While adrenal suppression was suspected in six cases, four with cushingoid features and two with growth failure, the diagnosis was discovered accidentally in two patients during anterior pituitary function testing, and recognised retrospectively in one child following unexpected catch up growth on cessation of a two year course of intranasal steroids. The diagnosis of adrenal suppression was of particular relevance to the boy with campomelic dysplasia and extreme short stature (case 7) whose mild hypertrichosis and poor linear growth had been attributed to his underlying dysmorphic syndrome and who was about to embark on a trial course of growth hormone treatment. On discontinuation of betamethasone nose drops he showed good catch up growth (height velocity increasing from 0.5 to 8.6 cm/y) making growth hormone therapy unnecessary. Case 8, who had already attained final height, exhibited no symptoms of adrenal suppression other than fatigue. While the diagnosis was fortuitous in cases 7 and 8, we speculate that they would have presented in due course with unexpected hypoglycaemia or with weight loss as described by Patel and colleagues.10 Clearly, affected children may have few or no symptoms, therefore heightened physician awareness is necessary in order to detect the early, subtle clues of adrenal insufficiency.

Given recent data that even “conventional” doses of inhaled corticosteroids used for the treatment of asthma can cause symptomatic adrenal suppression in certain children, reflecting individual variation in sensitivity to glucocorticoids,10 it is of interest that four children in this series also received inhaled corticosteroid therapy. Three of these received daily doses within the range generally regarded as unlikely to cause adrenal suppression or other significant side effects.11 The maximum “safe” daily dose of budesonide is reported to be 400 μg for children and 1600 μg for adults, equivalent to 400 μg beclomethasone for children and 1500 μg for adults. Cases 4 and 5 received 200 μg and 400 μg of budesonide per day, respectively, while case 8 received 800 μg beclomethasone per day, which is still within the recommended range as he was 16 years of age. The fourth child, case 6, treated with inhaled corticosteroids received a more generous dose, ranging from 800 μg to 1600 μg budesonide per day. It is therefore likely that there was a cumulative effect of inhaled and intranasal steroids in this patient. Given that height velocity increased to within the normal range after discontinuation of intranasal steroids (except case 8 who had achieved final height) and that adrenal function normalised, it is likely that the intranasal rather than inhaled steroids were responsible for the adrenal suppression in these four cases.

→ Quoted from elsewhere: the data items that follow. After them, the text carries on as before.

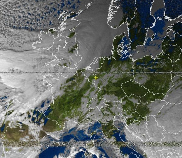 Auf dem Satellitenfoto von heute Nachmittag ist die enorme Erstreckung des Wolkenbands von der Biskaya über die Britischen Inseln bis nach Skandinavien ersichtlich. Es gehört zu einem sehr kräftigen Sturmtief bei Island und sorgt für sehr ungemütliches, nasskaltes und windiges Wetter. In der Nacht zum Mittwoch wird das dichte Wolkenband von Nordwesten her nach Deutschland getrieben und erreicht im Laufe des Tages auch den Südosten des Landes.
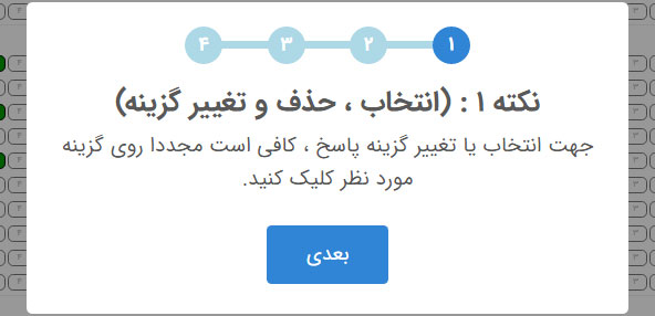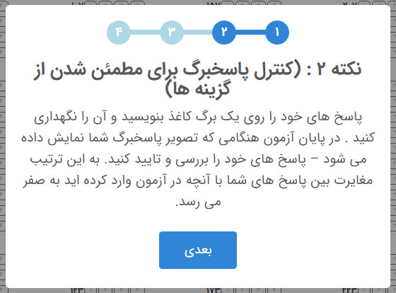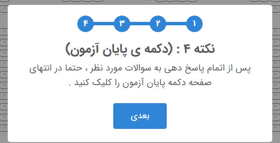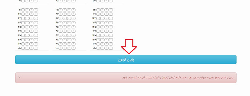 4-برای اتمام آزمون می بایست کلید پایان آزمون را در انتهای پاسخبرگ کلیک کند.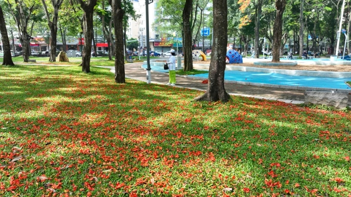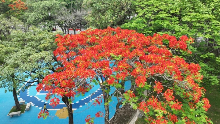 火紅的鳳凰花開滿枝頭,與公園藍色的運動休閑地相映成趣。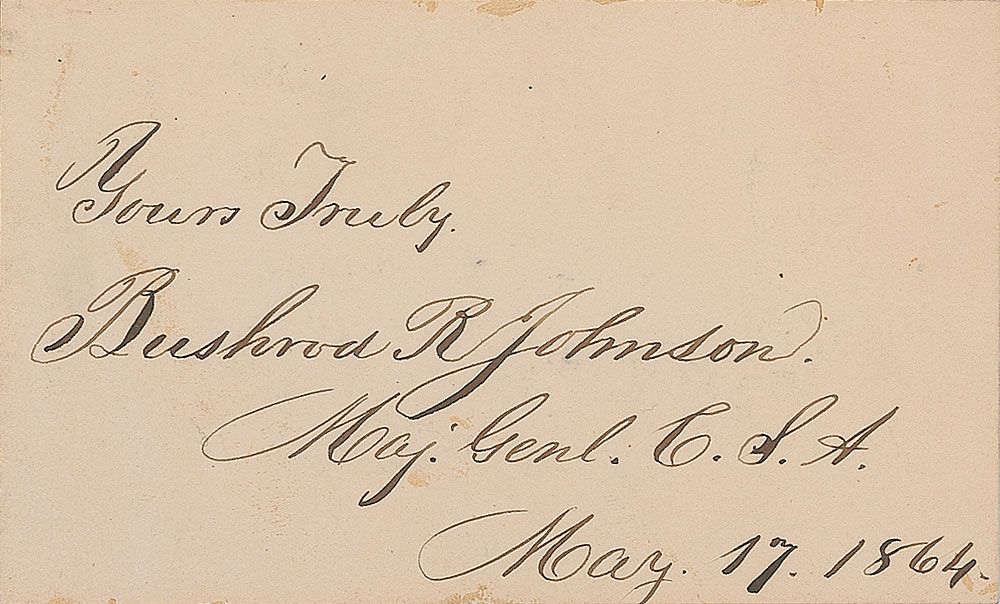 Confederate general who commanded a brigade of the Army of Mississippi at the Battle of Shiloh (1817–1880). Ink signature, “Yours truly, Bushrod R. Johnson, Maj. Genl. C. S. A., May 17, 1864,” on an off-white 4 x 2.5 card. In fine condition.

When assessing children with short stature and/or growth failure it is important to take a detailed history of medications and ask specifically about the use of any steroids, whether topical, inhaled, intranasal, or oral. We would also advocate awareness of early clinical manifestations of steroid excess, such as hypertrichosis, which appears to have a predilection for the lower back.

It is particularly important to be vigilant when the child has a dysmorphic syndrome. This is partly a result of the fact that children with some dysmorphic syndromes are particularly likely to have ear, nose, and throat (ENT) problems necessitating steroid treatment. Furthermore, it is easy to attribute poor linear growth to the underlying condition, as many syndromes are associated with an inherent tendency towards short stature and exogenous obesity, which renders it more difficult to detect the early and subtler signs of corticosteroid excess.

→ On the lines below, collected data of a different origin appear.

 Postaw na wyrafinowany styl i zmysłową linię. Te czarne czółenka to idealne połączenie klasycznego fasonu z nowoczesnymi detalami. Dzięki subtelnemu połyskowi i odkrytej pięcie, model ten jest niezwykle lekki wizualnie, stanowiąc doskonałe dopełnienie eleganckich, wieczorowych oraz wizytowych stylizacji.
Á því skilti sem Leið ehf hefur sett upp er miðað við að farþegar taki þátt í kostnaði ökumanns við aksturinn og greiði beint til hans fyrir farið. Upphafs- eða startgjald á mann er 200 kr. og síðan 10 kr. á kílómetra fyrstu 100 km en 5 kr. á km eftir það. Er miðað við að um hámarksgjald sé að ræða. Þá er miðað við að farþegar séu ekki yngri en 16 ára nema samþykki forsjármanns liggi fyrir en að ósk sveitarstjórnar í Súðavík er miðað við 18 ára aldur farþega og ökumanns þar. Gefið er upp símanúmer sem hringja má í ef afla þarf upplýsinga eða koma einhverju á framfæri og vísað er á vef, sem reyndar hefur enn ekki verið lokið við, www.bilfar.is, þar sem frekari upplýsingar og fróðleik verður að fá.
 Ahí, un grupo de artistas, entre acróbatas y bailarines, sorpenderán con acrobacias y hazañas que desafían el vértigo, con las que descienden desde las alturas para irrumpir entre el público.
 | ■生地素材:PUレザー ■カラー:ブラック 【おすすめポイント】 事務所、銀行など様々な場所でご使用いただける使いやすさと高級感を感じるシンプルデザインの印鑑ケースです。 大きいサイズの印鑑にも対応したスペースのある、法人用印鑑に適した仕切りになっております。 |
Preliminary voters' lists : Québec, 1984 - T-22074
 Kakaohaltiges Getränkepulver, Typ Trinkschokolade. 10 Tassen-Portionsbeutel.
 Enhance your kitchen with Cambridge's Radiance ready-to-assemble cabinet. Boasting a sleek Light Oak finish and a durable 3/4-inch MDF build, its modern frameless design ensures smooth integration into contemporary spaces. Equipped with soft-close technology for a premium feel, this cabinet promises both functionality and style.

When adrenal suppression from intranasal steroids is suspected, the most appropriate and widely available test is the low dose synthetic ACTH test. A non-invasive alternative is the measurement of cortisol in salivary profiles, but currently this assay is not routinely available.

We acknowledge that intranasal steroid treatment has an important place in the management of selected children, particularly those with abnormal airways (for example, because of choanal atresia). However, if treatment is contemplated for longer than six weeks we recommend the following: specialist ENT review; careful monitoring of linear growth; and serial physical examination to detect the clinical features of steroid excess.